Çapsız hükümdarlar döneminde, menfaat çekişmeleri, milleti tüketmiştir.

Atatürk’ün gençliğe hitabında, belirttiği vechile,

Millet, fakr’u zaruret içinde idi.

Yılmadı. Teslim olmadı.

“Ya İstiklal Ya Ölüm” demeyi bildi,

Ulu önderin liderliğinde şahlandı, inanılmazı başardı.

İstiklalini elde edip, düşmanının bile takdirini kazandı.

Zaferden sonra; önderin çizdiği medeniyet hedefinde, hızla ilerledi.

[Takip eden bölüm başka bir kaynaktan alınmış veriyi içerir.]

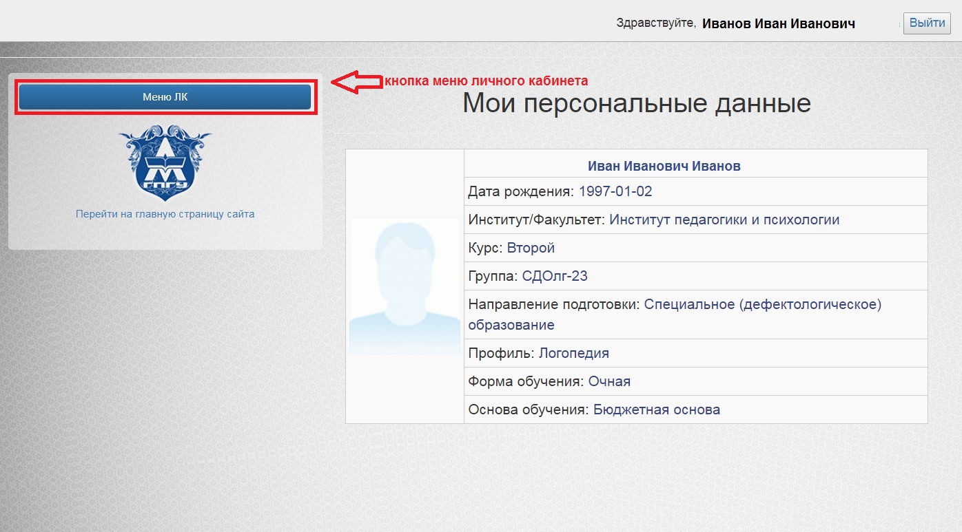 обратно) его можно нажав на кнопку "Меню ЛК" - выделенно красным

Önderin vefatı, geçen zaman, hedefi eritti.

Zihinler bulandı. Bizi perişan eden, toplumsal hastalıklarımız nüksetti.

Bocaladık. Tek parti iktidarı ve karizmatik liderler döneminde kalkındık.

Sonunda, koalisyonlar başladı.

Senin dediğin, benim dediğim,

Al tekke, ver külah, alavere, dalavere,

Liderler, bir türlü uzlaşamadı.

Sonunda, halk “ele geçirip seçim kılıcını”, hepsini biçti.

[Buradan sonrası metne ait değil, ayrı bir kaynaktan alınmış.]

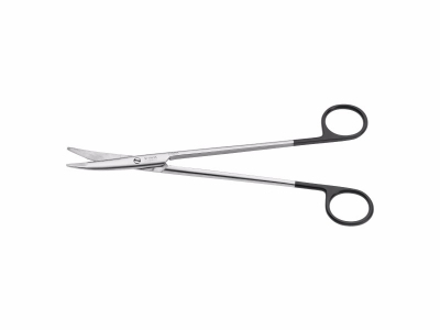 用于软组织的剪切或分离。特点:剪刀超锋利处理,一片开细剪刃,一片剪刃开细齿,使得剪刀在使用过程中咬切更快速,咬合力更强劲,指圈镀黑色标示。
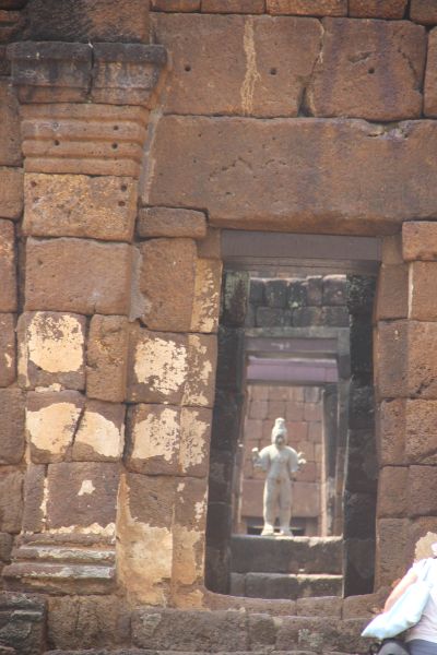 La statue au bout de l’alignement des portes du temple en ruines semble prête à venir nous rejoindre.

Bu eylem, bizim alışkanlıklarımıza tersti,

Ama oldu!! Akıl öne kondu.

Aniden

-Aşırı yüksek olan, toplum tansiyonu, hızla düştü.

-Herkes rahatladı.

-Piyasalar,(GÜVEN duygusunu satın alıp) canlandı.

-Muhalefet,(klasik) yıpratma saplantısını terketti.

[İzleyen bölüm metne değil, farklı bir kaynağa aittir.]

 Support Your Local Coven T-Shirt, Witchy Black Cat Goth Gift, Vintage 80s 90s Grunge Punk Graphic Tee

-Ülke için elele, mantığı öne kondu.

-TOBB, TÜSİAD ve tüm sivil toplum kuruluşları, gün gayret günüdür demeyi bildi.

-Rahatlık ve güven duygusu, topluma dalga dalga yayılıyor.

-Sanki kuşlar bile mutlu olmaya başladı.

İnşallah, bu iyimser hava kısa zamanda bitmez.

İnşallah, devlet gelirlerini “karadelik” gibi yutan hantal devlet yapısı küçülür ve dinamikleştirilir.

İnşallah, mahalli idareler gerçekten güçlendirilir.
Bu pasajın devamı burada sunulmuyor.